*** Records for processing ***

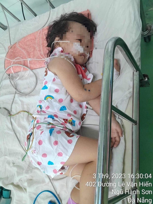 3 con của chị đều bị ong chích hàng chục mũi tại nhiều vị trí, nhất là phần đầu. Cụ thể, bé út 3 tuổi bị đốt 53 mũi, bé thứ hai bị 55 mũi, bé lớn 23 mũi. Hiện cả 3 đã được chuyển ra điều trị tại Bệnh viện Phụ sản - Nhi Đà Nẵng.
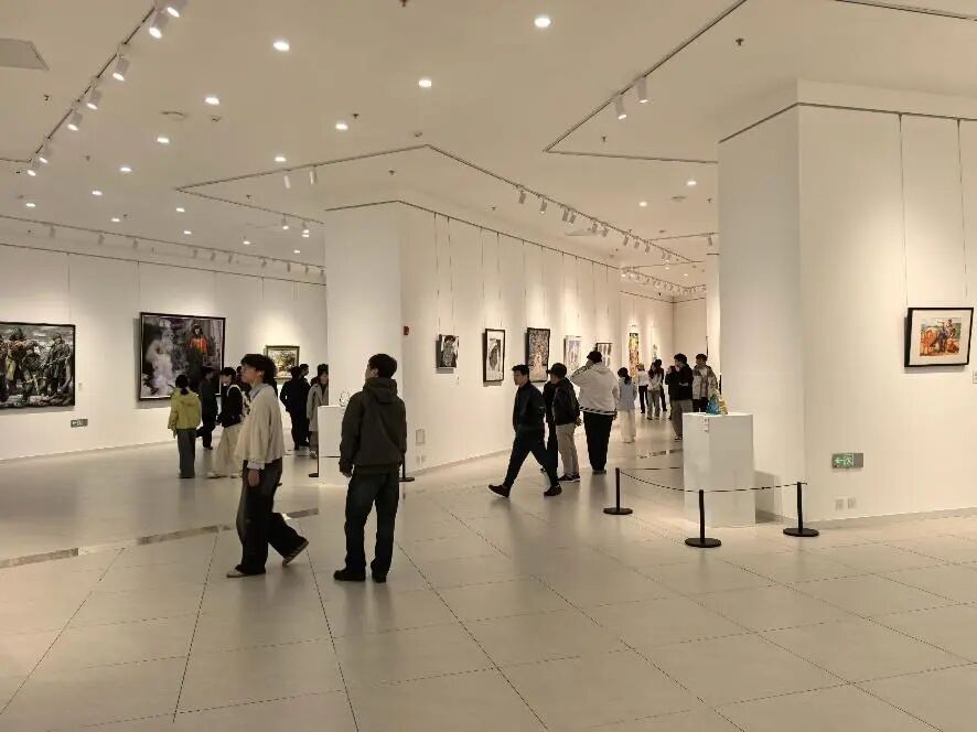 观展过程中,专业老师为同学们进行展览导览,结合作品创作背景、艺术特色与表现手法讲解,引导大家理解作品背后的创作理念与文化内涵。师生们驻足凝视,交流感悟,同学们认真聆听讲解,在观赏中学习思考。作为课堂的实践教学延伸,本次观展活动引导学生从专业视角赏析作品、汲取养分。同学们重点关注不同作品的材料运用与表现形式,对传统绘画媒介的创新应用有了直观认识,记录下观察与思考。
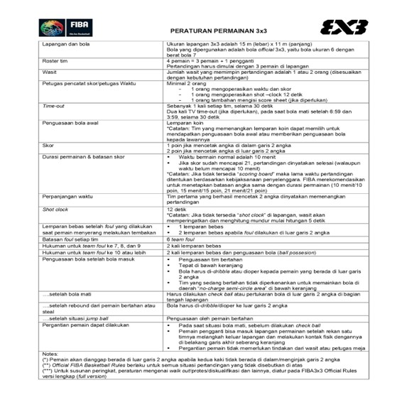 | 1 | Menggunakan peraturan FIBA 3X3 |
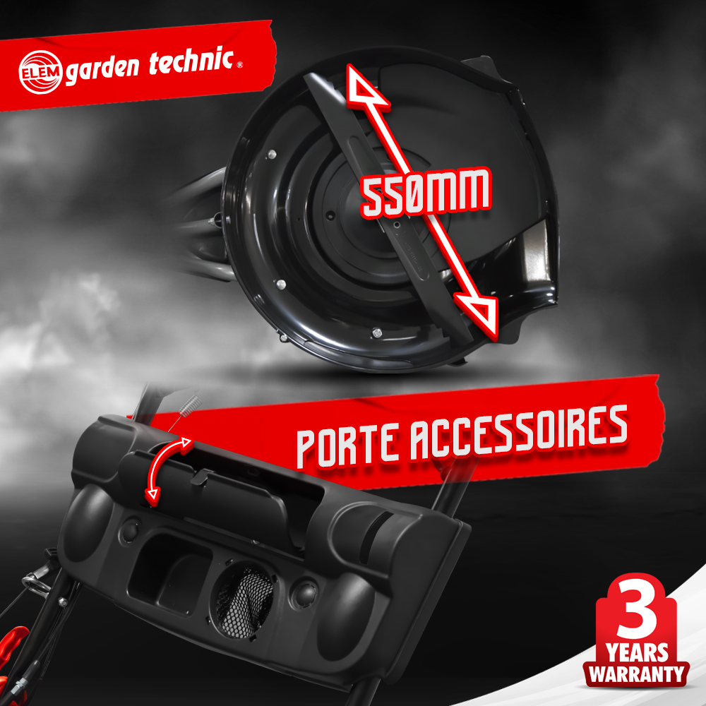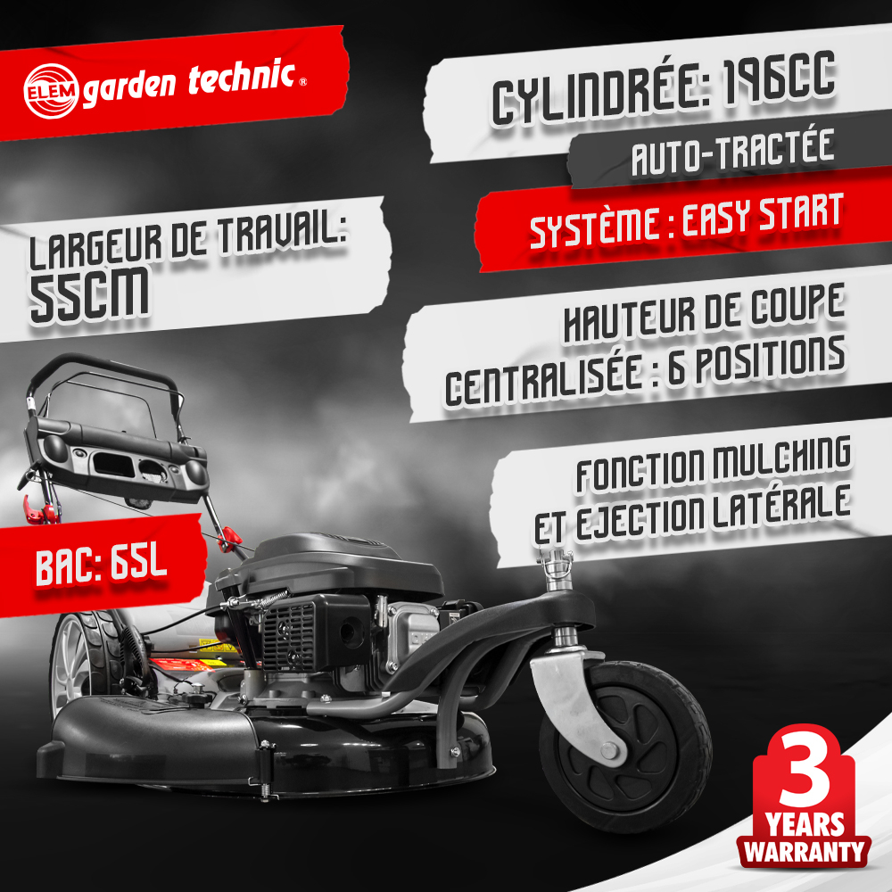 | Libellé | Tondeuse thermique tractée 3 roues 196cc - 55cm - 65L - Elem Garden |
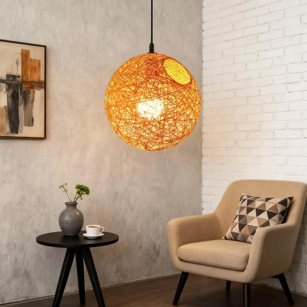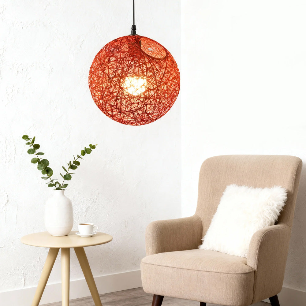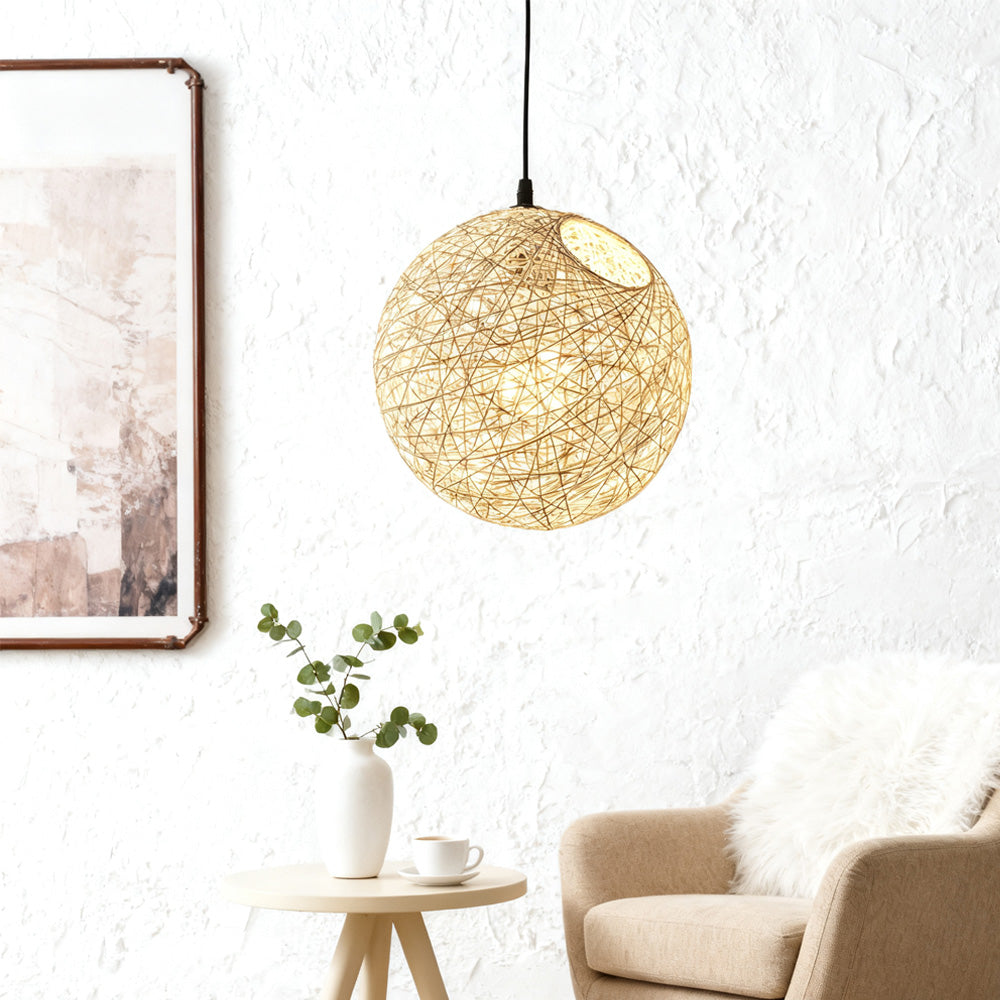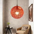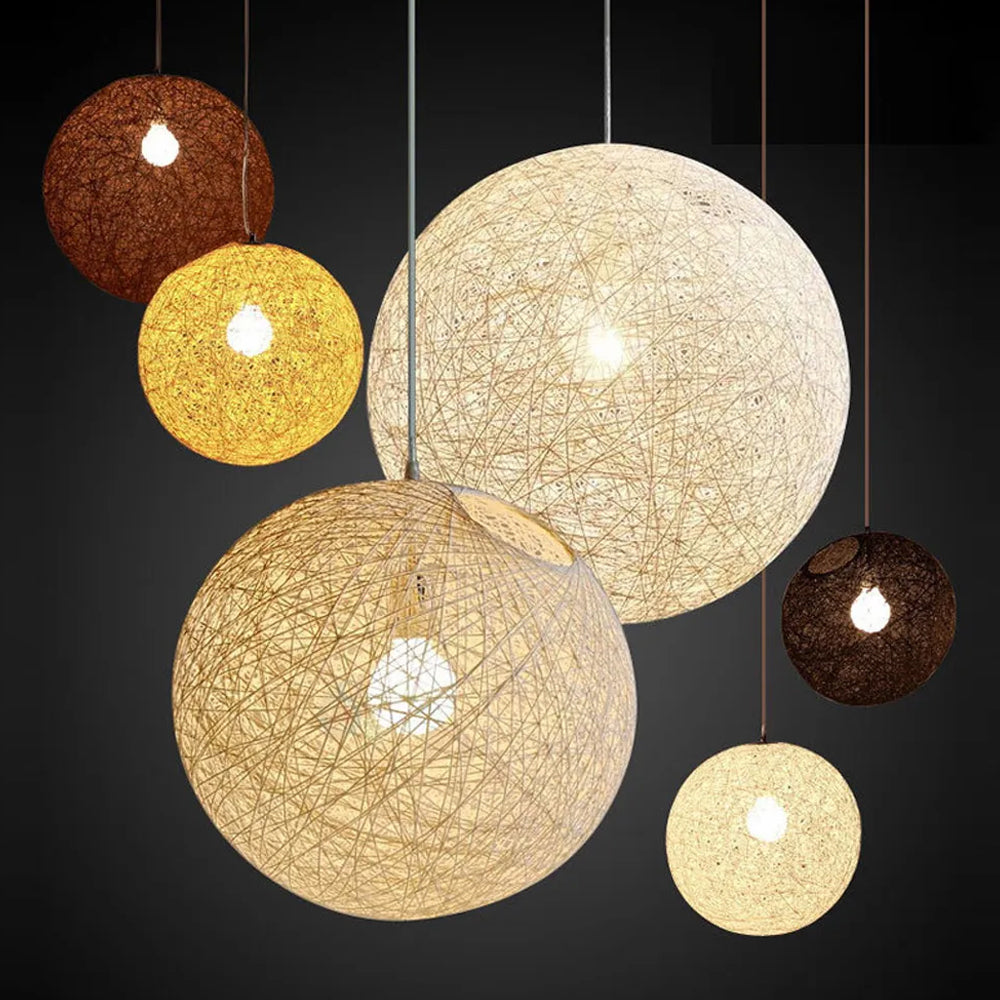 Minimalist Rustic Sphere Paper Rattan Pendant Light
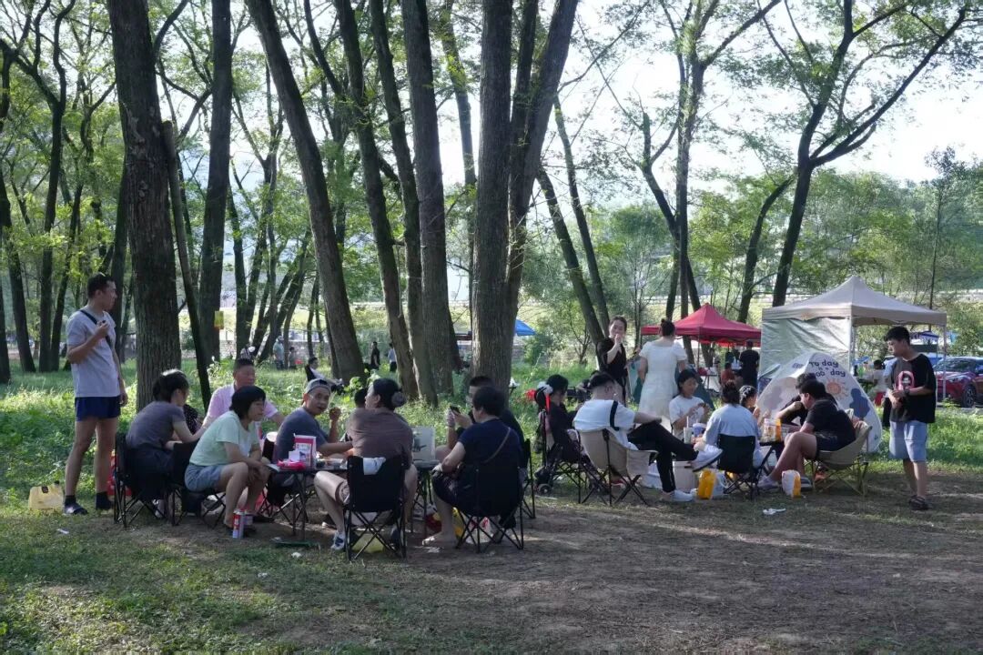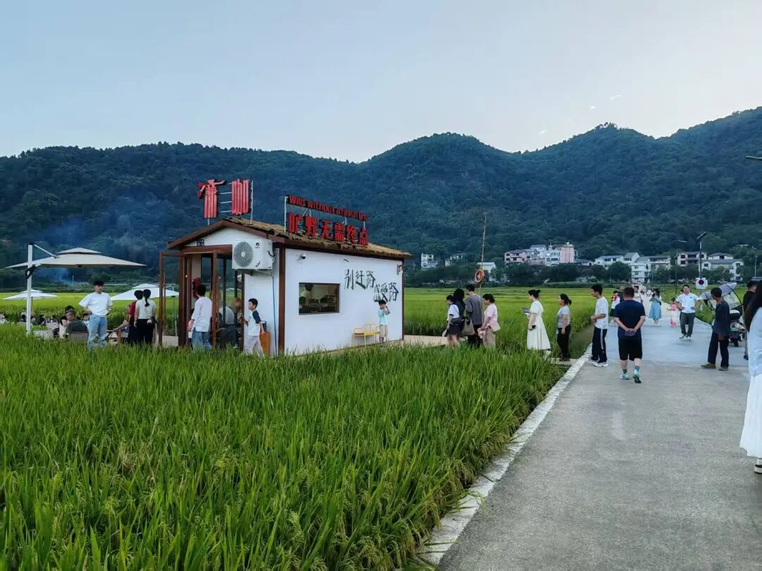 上湾村的露营基地和上湾咖啡,成为年轻人假期放松的热门选择,现场人流如织。
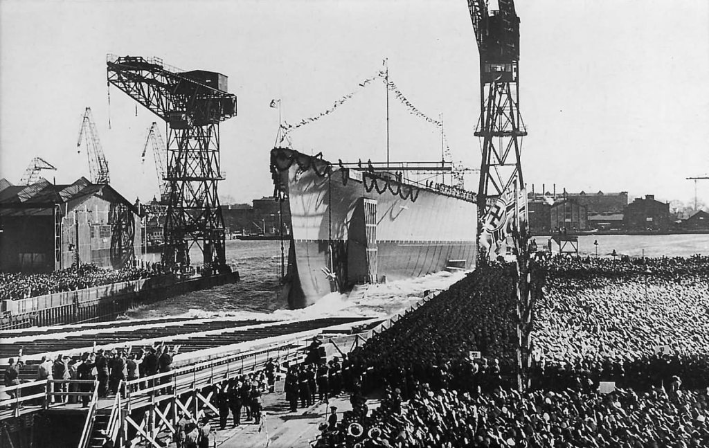 The Kriegsmarine (German Navy) battleship Tirpitz is launched by Kriegsmarinewerft, Wilhelmshaven (werk S 128). Grossadmiral Tirpitz’s daughter Frau von Hassel christened the battleship named after her father.

***

Could you return each line, unchanged, from the line containing "上湾村的露营基地和上湾咖啡,成为年轻人假期放松的热门选择,现场人流如织。" through the last line of the entries above, leaving out the pictures?

 上湾村的露营基地和上湾咖啡,成为年轻人假期放松的热门选择,现场人流如织。
 The Kriegsmarine (German Navy) battleship Tirpitz is launched by Kriegsmarinewerft, Wilhelmshaven (werk S 128). Grossadmiral Tirpitz’s daughter Frau von Hassel christened the battleship named after her father.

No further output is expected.